После войны Кирсанов сильно рассчитывал на журнал «Знамя». Там заместителем главного редактора работал тонкий ценитель поэзии Анатолий Тарасенков. Но Тарасенков оказался не всесилен.
«В прошлом году, – сообщил 15 мая 1946 года Тарасенков членам редколлегии «Знамени», – Кирсанов нам предложил поэму «Война и небо», вещь очень спорную с точки зрения стиха, но, на мой взгляд, интересную и во всяком случае заслуживавшую право быть напечатанной. Однако большинством голосов редколлегия отклонила поэму. У Кирсанова, несомненно, остался горький осадок, появились нотки: а можно ли, дескать, вообще теперь печатать новаторские, экспериментаторские вещи? Теперь, однако, поэт предложил нам две новые вещи: венок сонетов «Весть о мире» и цикл стихов.
Я думаю, что нам надо принять и напечатать в одном из номеров венок сонетов «Весть о мире», у нас никто уже много лет не выступал в печати с венком сонетов, труднейшей формой. Вещь интересна и по замыслу, фантастически разрешенному.
В одном из других номеров «Знамени» я дал бы и цикл стихов, но не целиком (в нем есть неудачные и незначительные вещи).
Предлагаю отобрать так:
1. «Вопрос».
2. «Я пил парное далеко».
3. «Все течет» (великолепное стихотворение!).
4. «Надежда».
5. «Тревога».
6. «Пасьянс».
7. «Наоборот» (очень хорошая, мудрая и просто вещь).
Остальные стихи из предложенного автором цикла, по-моему, надо снять. Но предоставить поэтическое слово Кирсанову просто необходимо. Нельзя иначе.
Если говорить об очередности, я бы сперва напечатал цикл стихов, а лишь затем венок сонетов» (РГАЛИ, ф. 618, оп. 13, д. 31, л. 31).
Но у литературоведа Леонида Тимофеева оказалось иное мнение. «Венок…» он вообще сразу отклонил.
«Я, – заявил Тимофеев, – безусловно, против бессодержательного и не особенно искусно сделанного венка сонетов» (РГАЛИ, ф. 618, оп. 13, д. 31, л. 44).
А из поэтического цикла Кирсанова Тимофеев отобрал только четыре стихотворения: «Все течет», «Надежда», «Пасьянс» и «Наоборот».

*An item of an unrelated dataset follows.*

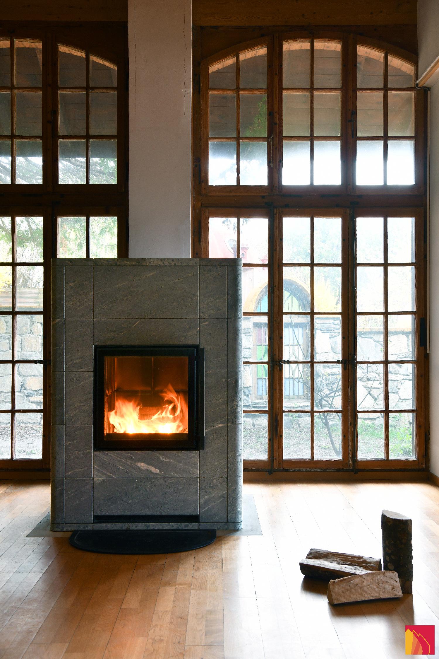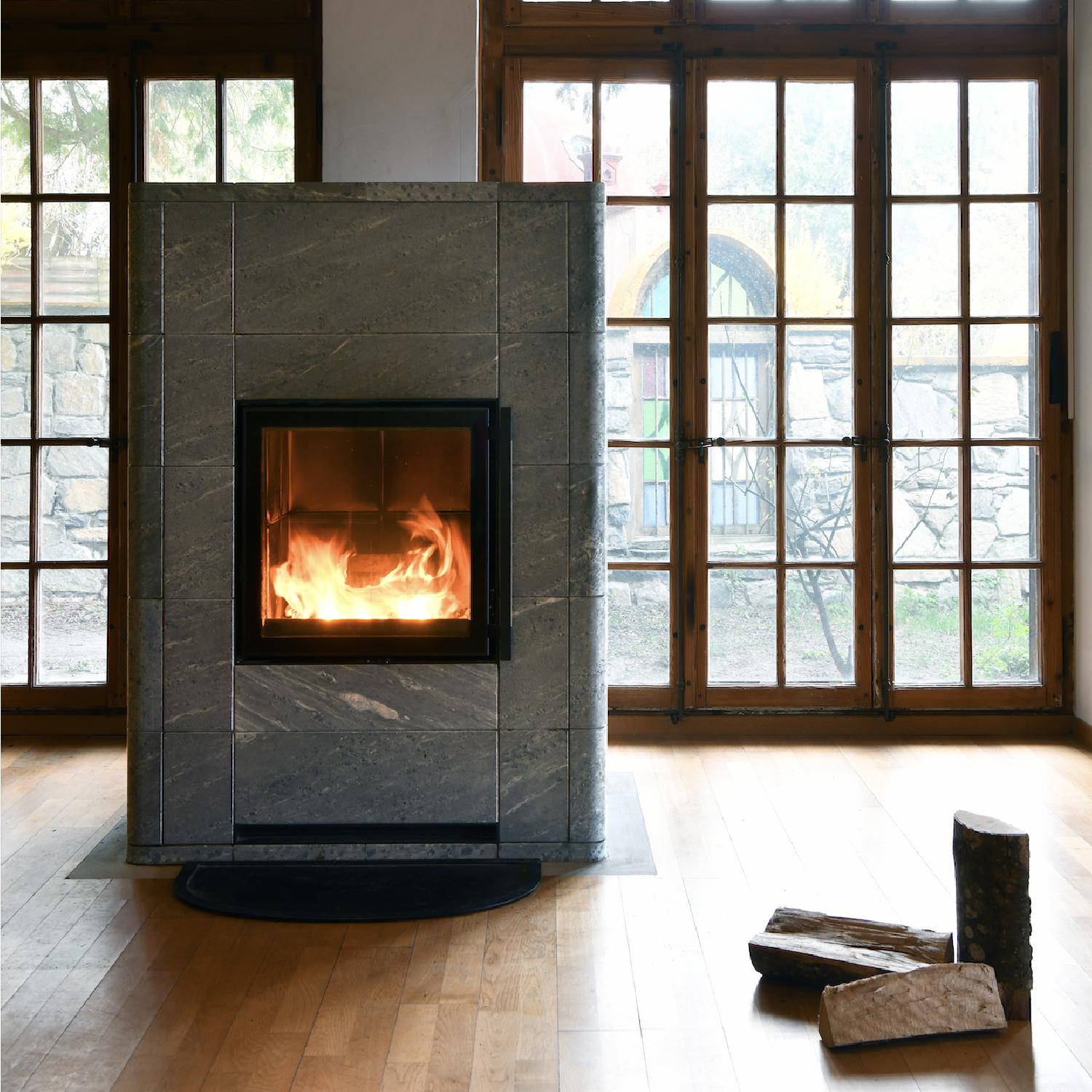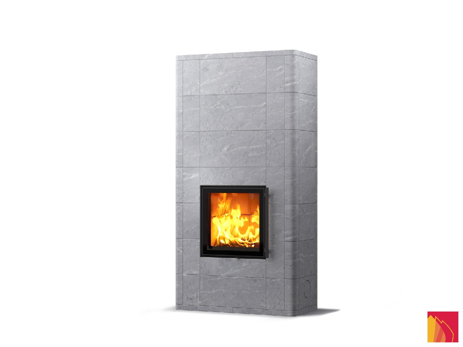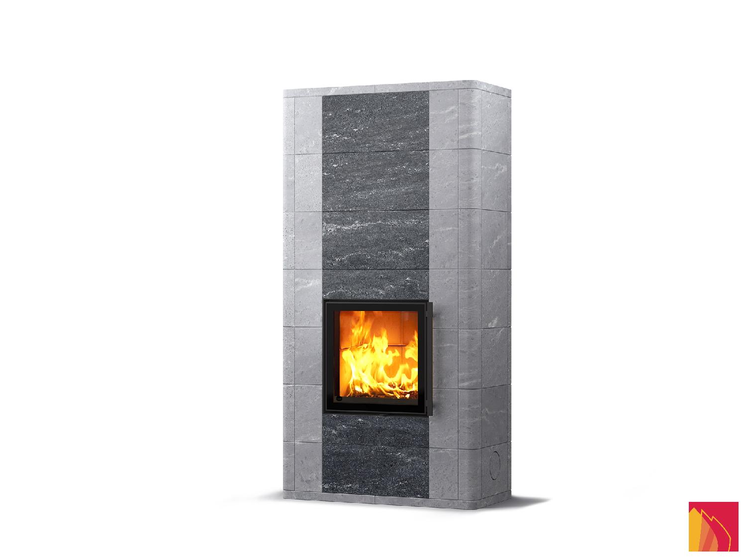 Les options de finition sont la stéatite lisse classique et la surface Grafia, sur laquelle des motifs chatoyants irréguliers ont été réalisés au jet d’eau. La porte moderne de forme carrée offre une vue superbe sur le feu.

Третий же член редколлегии – М.Толченов – наотрез отказался поддержать помимо венка сонетов также два стихотворения – «Надежда» и «Тревога», усмотрев в них неверные политические мотивы.
Столкнувшись с таким разноголосием, главный редактор журнала Всеволод Вишневский поинтересовался, как восприняли новые вещи Кирсанова в отделах. Сотрудница отдела прозы София Разумовская честно призналась, что ее своей поэтической прелестью пленило только одно стихотворение – «Наоборот». Но она считала, что ничего страшного бы не произошло, если бы журнал дал подборку поэта, включив в нее кроме «Наоборот» еще и «Все течет», «Надежду» и «Пасьянс». Что же касалось венка, Разумовская тут согласилась с Тимофеевым. Он тоже показался ей бессодержательным. Правда, Разумовская в отличие от Тимофеева считала, что сам венок Кирсанов сотворил профессионально: «…он сделан искусно, почти виртуозно, ведь сама форма того требует. Но все это мастерство, как это часто бывает у Кирсанова» (РГАЛИ, ф. 618, оп. 14, д. 31, л. 41).

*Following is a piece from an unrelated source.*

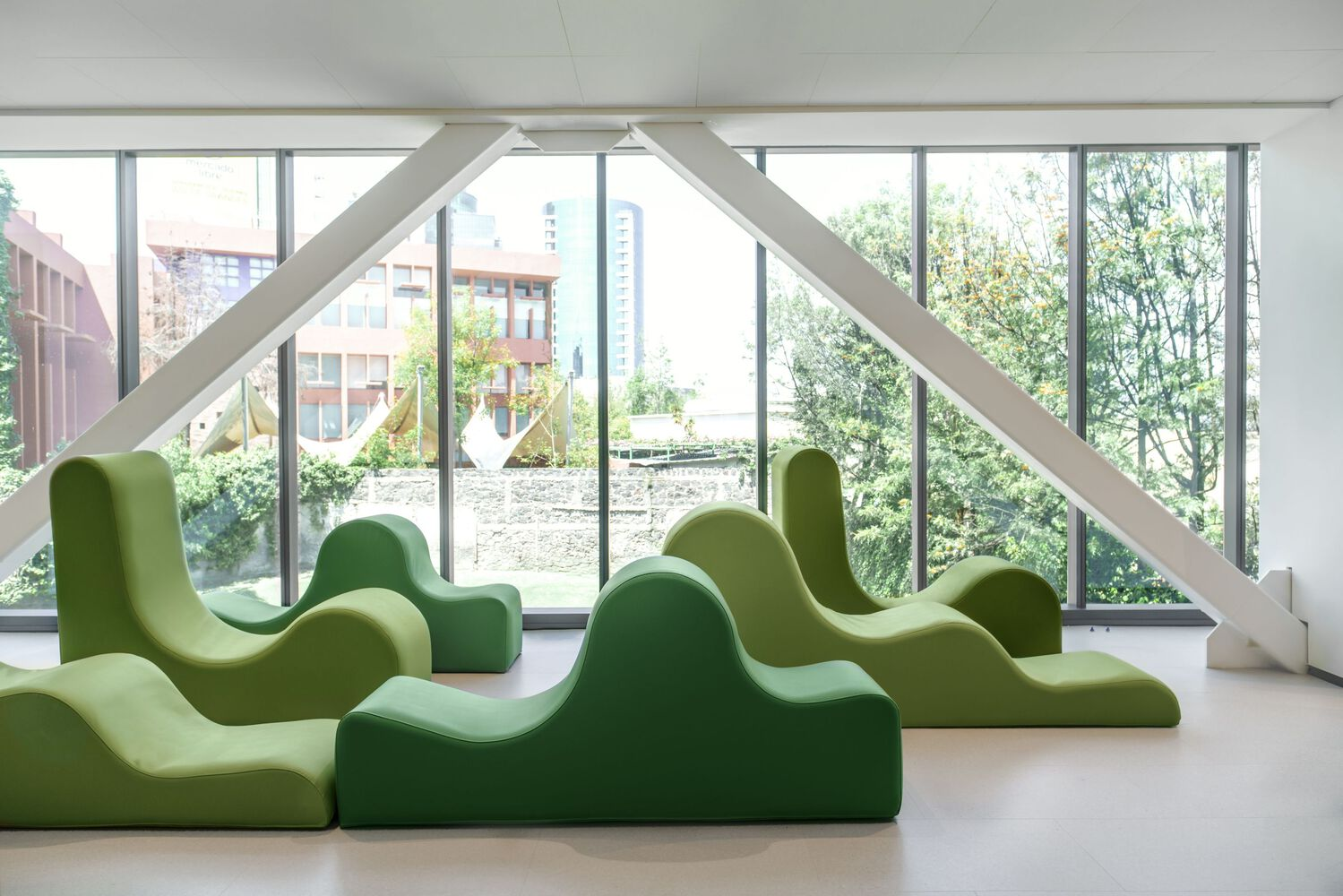 Humanitree School Hive and Flight, designed by Rosan Bosch Studio, reimagines contemporary educational architecture by transforming 10,000 square meters of upper floors within an existing office building in Mexico City into a holistic, future-ready learning ecosystem. Completed in 2023, the middle and high school campus embodies a learner-centered philosophy, where spatial diversity, flexibility, and curiosity-driven design empower students to take ownership of how, where, and with whom they learn.

А вскоре грянула борьба с космополитами. Кирсанов в очередной раз оказался властям неудобен.
В начале 50‑х годов Кирсанов заметил, что журналы как по команде стали печатать стихи в основном деревенщиков, игнорируя другие направления. Он увидел в этом опасную тенденцию и стал бить в набат. Один из материалов на эту тему поэт отправил Всеволоду Вишневскому.

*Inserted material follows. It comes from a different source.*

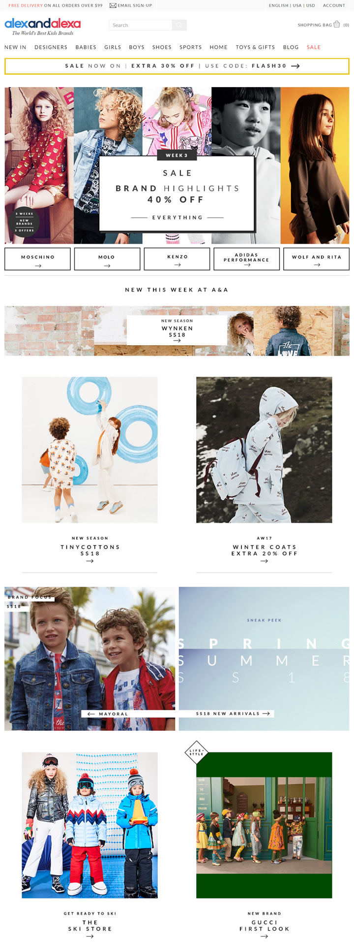 AlexandAlexa是一家來自英國專注世界著名兒童品牌服飾的線上商城。產品包括了適合0-13歲兒童的奢侈品牌時尚,運動服飾以及玩具等。熱銷品牌包括Burberry,Kenzo, Adidas, Nike等等。

«Внимательно прочел вашу статью, – написал ему в ответ Вишневский. – Ее нельзя считать окончательно погребенной. Видимо, драка вспыхнет вот-вот… Да, определилось некое новое течение, которое заявляет о своем господстве (речь Твардовского на юбилее Исаковского). С этим не согласятся весьма многие. Возникает лит<ературно> полит<итический> спор. В нем обязаны принять участие критики, поэты и пр. Речь идет об очень важных вещах: о приоритете раб<очего> класса, о традиции Маяковского, о недопустимости скидывания Д.Бедного и прол<етарских> поэтов ранней поры, затем о школе Никитина, Кольцова, Дрожжина, Сурикова, Есенина и пр. и новой школы и пр. и пр. Тут важнейшие вопросы направления современной сов<етской> поэзии, традиций и пр… Вам возвращаю все с благодарностью. Вам, полагаю, нужно найти место в одном из журналов» (РГАЛИ, ф. 28, оп. 1, д. 226, л. 5).
Но Вишневский к тому времени от «Знамени» был уже отлучен, а главный писательский начальник Фадеев считал, что журналы правильно поступали, делая ставку на поэтов типа Исаковского и отвергая всех футуристов. Кирсанов попробовал к борьбе подключить своего давнего товарища Николая Асеева. Ведь получалось, что от литературы отстраняли почти всех последователей Маяковского. Но что мог Асеев? Новую политику в области литературы давно уже определяли совсем другие люди.
Правда, в 1951 году ситуация отчасти изменилась. Кирсанову даже вручили Сталинскую премию третьей степени, правда, отнюдь не за лучшие стихи, а за слабенькую, но пафосную поэму о стахановце «Макар Мазай».
Получив большие деньги, поэт задумался о даче. Он быстренько организовал писательский кооператив на Пахре и взялся за строительство. Его дача оказалась в новом городке самой модной и большой. Двери он сделал до самого потолка и из стекла. Потом ему помогли установить огромный камин. Но гостей более всего потрясала многоярусная люстра, которую стихотворцу подарил лично король Испании.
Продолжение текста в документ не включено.